Former nightclub in West Hollywood, California, U.S.

The Mocambo was a nightclub in West Hollywood, California, at 8588 Sunset Boulevard on the Sunset Strip. It was owned by Charlie Morrison and Felix Young.

==History==
The Mocambo opened on January 3, 1941, and it became an immediate success. The club's Latin American-themed decor was designed by Tony Duquette and cost $100,000. Along the walls were glass cages holding live cockatoos, macaws, seagulls, pigeons, and parrots. With big band music, the club became one of the most popular dance-till-dawn spots in town. On any given night, one might find the room filled with the leading men and women of the motion picture industry. In 1943, when Frank Sinatra became a solo act, he made his Los Angeles debut at the Mocambo.

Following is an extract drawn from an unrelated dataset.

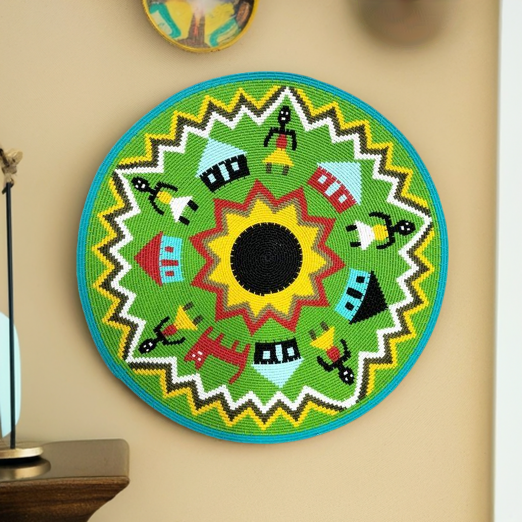 Discover the charm of rural Africa with this beautiful shallow bowl, crafted in Sylvia Ludidi's distinctive style. The vibrant green hardwire creation is adorned with rondavel huts and playful young women, celebrating the joy and simplicity of rural life. Perfect for adding a touch of African zest to your home décor, this unique bowl is a must-have for anyone who loves cultural artistry and whimsical design.

On March 15, 1955, Ella Fitzgerald opened at the Mocambo, after Marilyn Monroe lobbied the owner for the booking. The booking was instrumental in Fitzgerald's career. The incident was turned into a play by Bonnie Greer in 2005. It has been widely reported that Fitzgerald was the first Black performer to play the Mocambo, following Monroe's intervention, but this is not true. African-American singers Herb Jeffries, Eartha Kitt, and Joyce Bryant all played the Mocambo in 1953, according to stories published at the time in Jet magazine.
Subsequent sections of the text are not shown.